§ Data provided

——

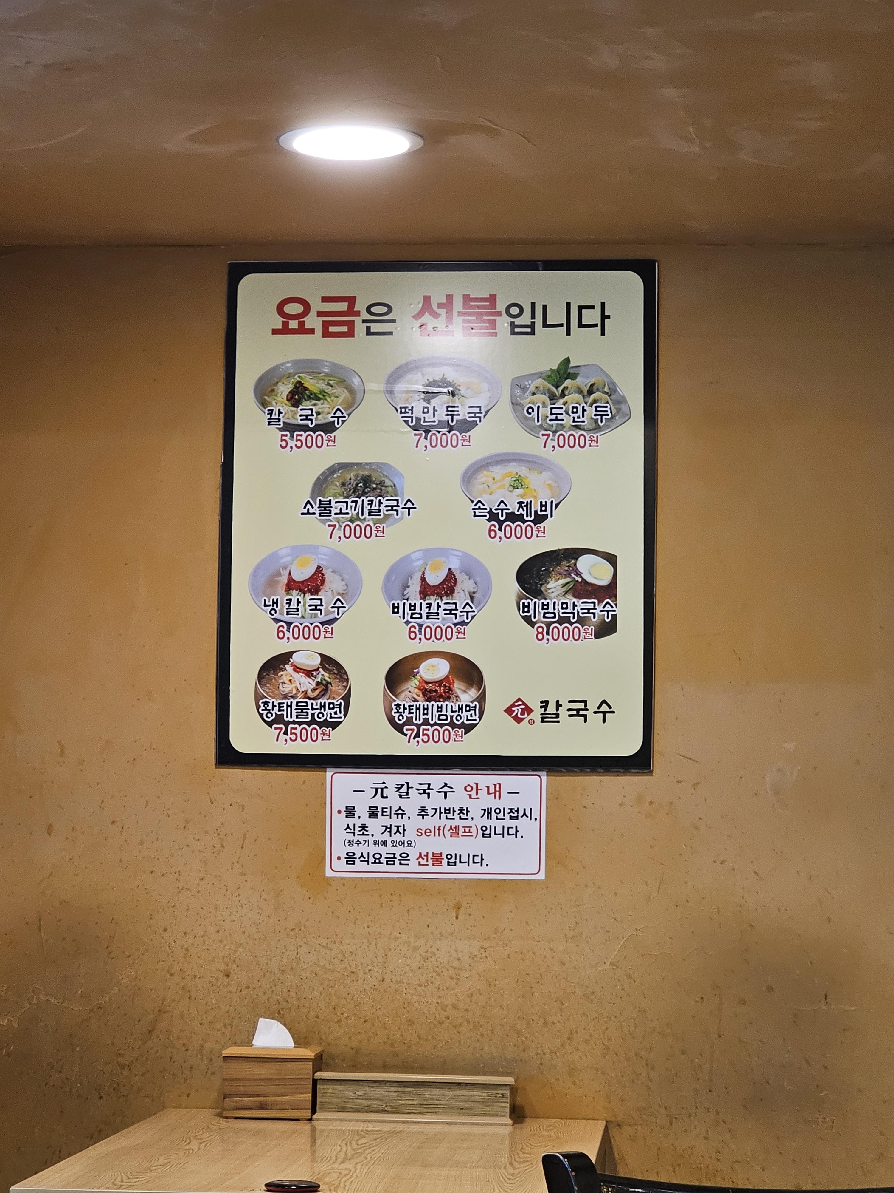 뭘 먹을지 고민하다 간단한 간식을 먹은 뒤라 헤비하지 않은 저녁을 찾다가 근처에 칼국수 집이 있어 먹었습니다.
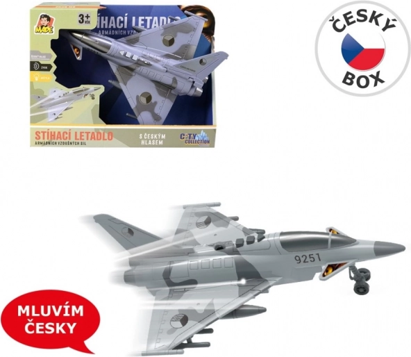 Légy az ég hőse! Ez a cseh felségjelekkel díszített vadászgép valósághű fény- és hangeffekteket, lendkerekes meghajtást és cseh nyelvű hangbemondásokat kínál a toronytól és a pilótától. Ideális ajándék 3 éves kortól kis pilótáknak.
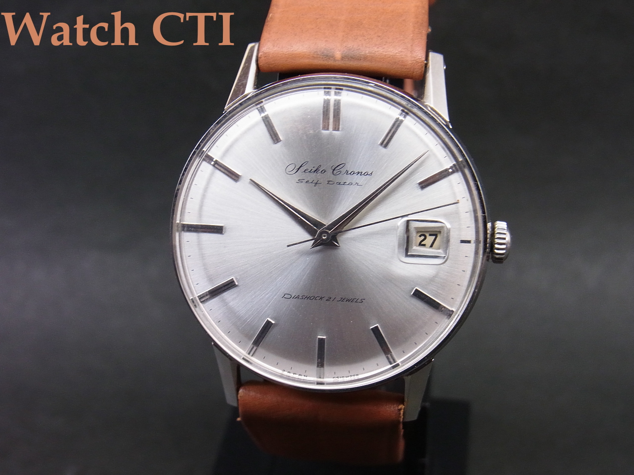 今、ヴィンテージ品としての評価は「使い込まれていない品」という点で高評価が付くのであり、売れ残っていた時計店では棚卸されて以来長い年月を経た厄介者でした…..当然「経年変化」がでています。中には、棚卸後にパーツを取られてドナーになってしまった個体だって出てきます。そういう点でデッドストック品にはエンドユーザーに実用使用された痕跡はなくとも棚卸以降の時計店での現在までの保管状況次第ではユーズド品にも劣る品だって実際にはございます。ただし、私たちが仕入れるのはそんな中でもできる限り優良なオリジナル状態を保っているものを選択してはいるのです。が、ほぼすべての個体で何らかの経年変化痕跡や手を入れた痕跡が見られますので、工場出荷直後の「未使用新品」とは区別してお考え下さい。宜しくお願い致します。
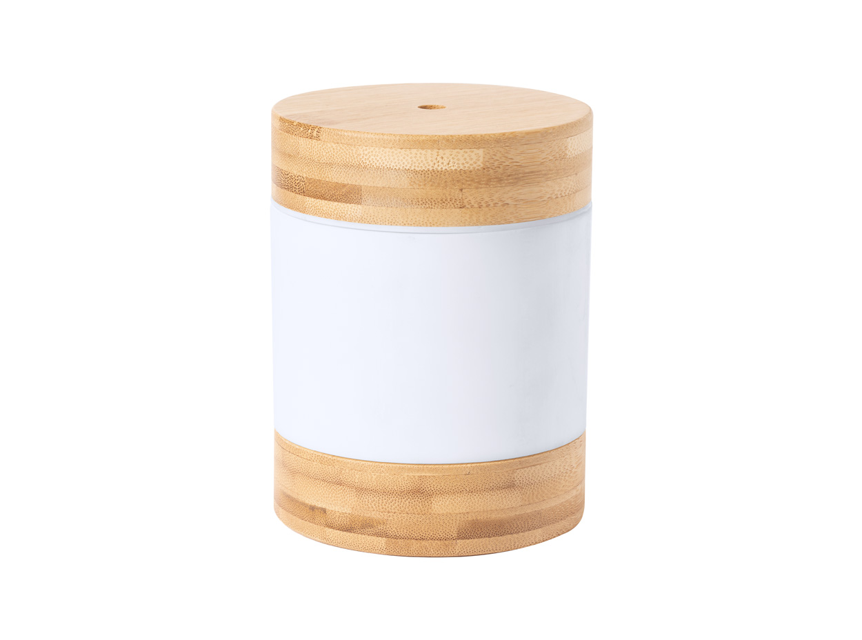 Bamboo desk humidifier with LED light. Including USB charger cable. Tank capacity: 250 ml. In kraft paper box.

——

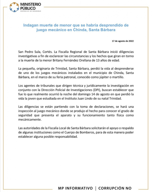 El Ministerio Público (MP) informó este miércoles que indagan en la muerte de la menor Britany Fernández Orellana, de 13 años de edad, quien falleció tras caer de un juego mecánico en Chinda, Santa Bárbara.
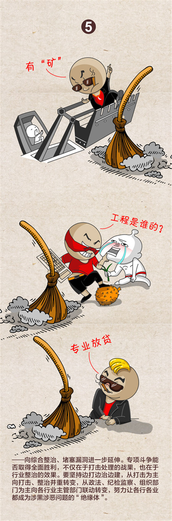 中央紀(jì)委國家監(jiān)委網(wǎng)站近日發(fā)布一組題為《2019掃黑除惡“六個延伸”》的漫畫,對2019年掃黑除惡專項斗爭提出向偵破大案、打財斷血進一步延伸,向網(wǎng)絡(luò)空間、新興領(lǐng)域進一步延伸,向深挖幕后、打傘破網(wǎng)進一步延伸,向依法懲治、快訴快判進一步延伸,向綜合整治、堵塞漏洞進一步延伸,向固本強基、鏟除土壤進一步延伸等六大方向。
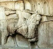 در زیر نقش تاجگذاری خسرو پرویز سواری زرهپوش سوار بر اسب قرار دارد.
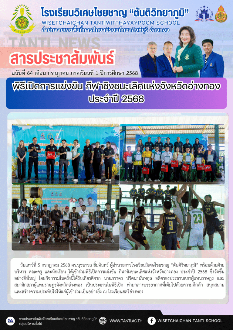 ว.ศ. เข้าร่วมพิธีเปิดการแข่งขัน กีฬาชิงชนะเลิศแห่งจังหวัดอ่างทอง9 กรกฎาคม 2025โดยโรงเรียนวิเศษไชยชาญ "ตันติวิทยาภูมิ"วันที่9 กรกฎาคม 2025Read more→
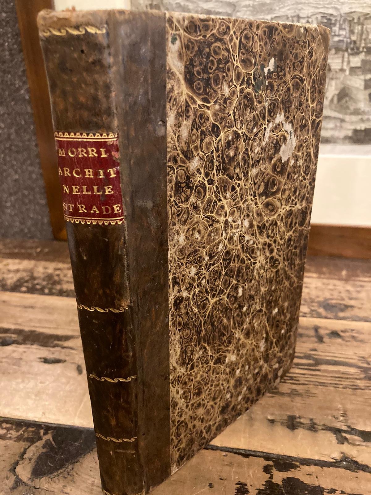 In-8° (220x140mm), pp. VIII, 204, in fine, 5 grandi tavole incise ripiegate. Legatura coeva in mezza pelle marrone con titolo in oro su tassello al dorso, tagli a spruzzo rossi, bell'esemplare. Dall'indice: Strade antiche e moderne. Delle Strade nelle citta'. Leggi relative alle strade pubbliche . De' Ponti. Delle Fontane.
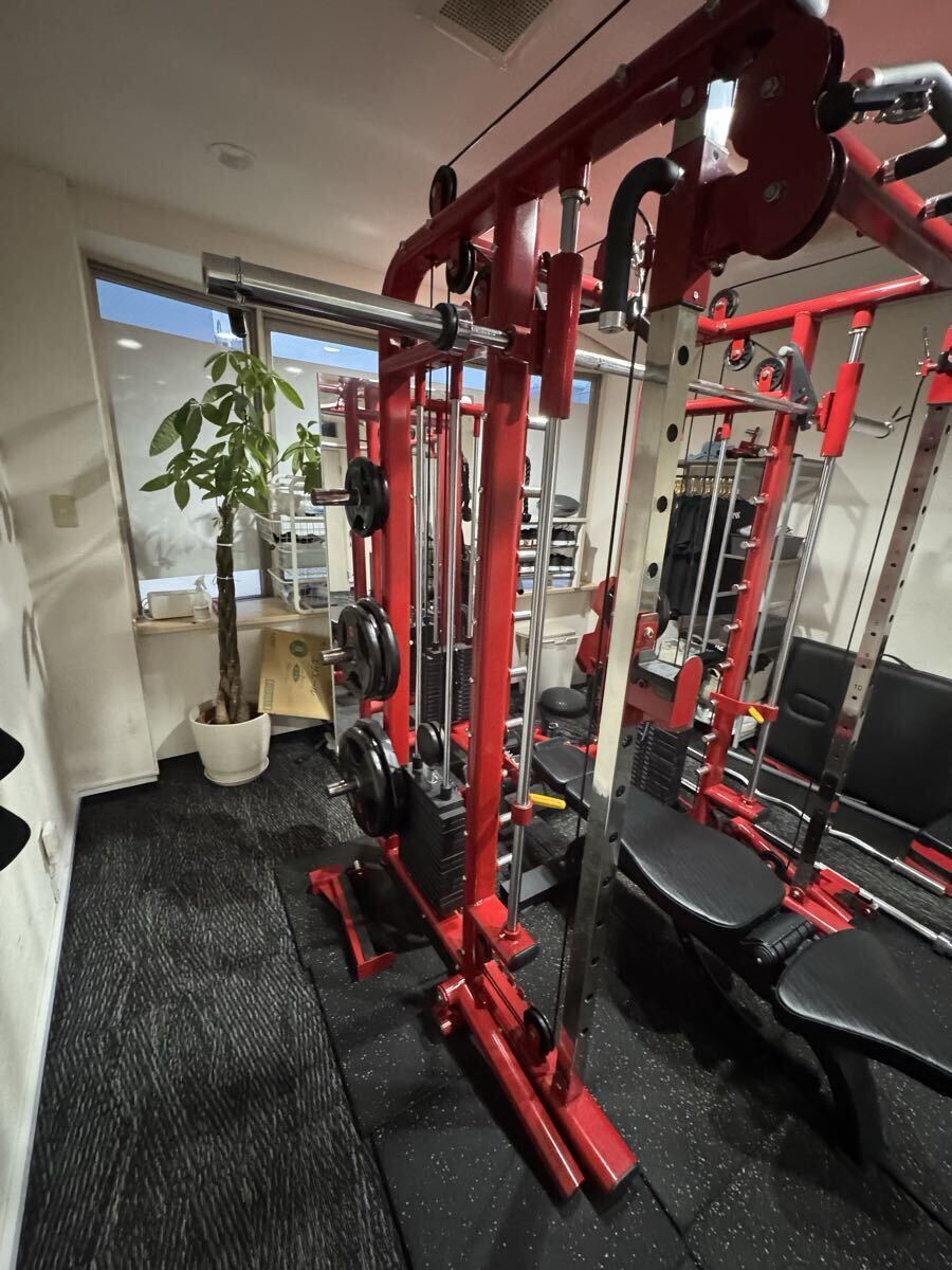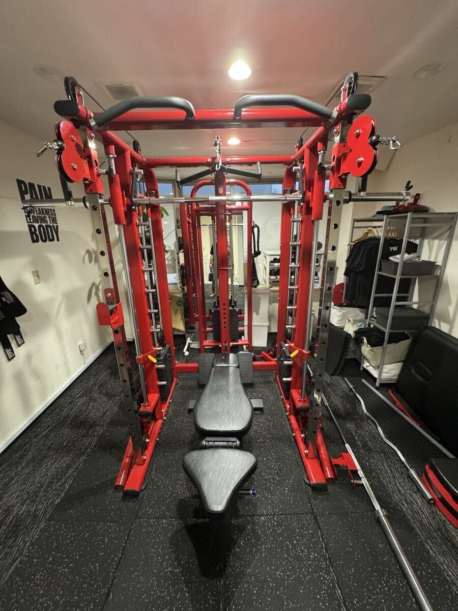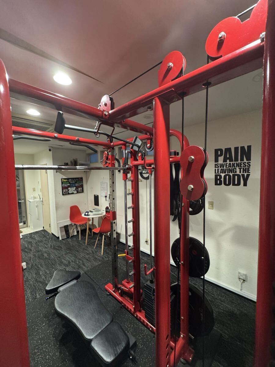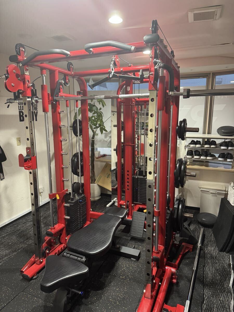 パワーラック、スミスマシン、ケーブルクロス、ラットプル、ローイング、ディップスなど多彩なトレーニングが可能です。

——

§ Try it
Set down, exactly as written above, each line from the one with "뭘 먹을지 고민하다 간단한" through the one with "Bamboo desk humidifier", and skip the pictures.

§ Completed exercise
 뭘 먹을지 고민하다 간단한 간식을 먹은 뒤라 헤비하지 않은 저녁을 찾다가 근처에 칼국수 집이 있어 먹었습니다.
 Légy az ég hőse! Ez a cseh felségjelekkel díszített vadászgép valósághű fény- és hangeffekteket, lendkerekes meghajtást és cseh nyelvű hangbemondásokat kínál a toronytól és a pilótától. Ideális ajándék 3 éves kortól kis pilótáknak.
 今、ヴィンテージ品としての評価は「使い込まれていない品」という点で高評価が付くのであり、売れ残っていた時計店では棚卸されて以来長い年月を経た厄介者でした…..当然「経年変化」がでています。中には、棚卸後にパーツを取られてドナーになってしまった個体だって出てきます。そういう点でデッドストック品にはエンドユーザーに実用使用された痕跡はなくとも棚卸以降の時計店での現在までの保管状況次第ではユーズド品にも劣る品だって実際にはございます。ただし、私たちが仕入れるのはそんな中でもできる限り優良なオリジナル状態を保っているものを選択してはいるのです。が、ほぼすべての個体で何らかの経年変化痕跡や手を入れた痕跡が見られますので、工場出荷直後の「未使用新品」とは区別してお考え下さい。宜しくお願い致します。
 Bamboo desk humidifier with LED light. Including USB charger cable. Tank capacity: 250 ml. In kraft paper box.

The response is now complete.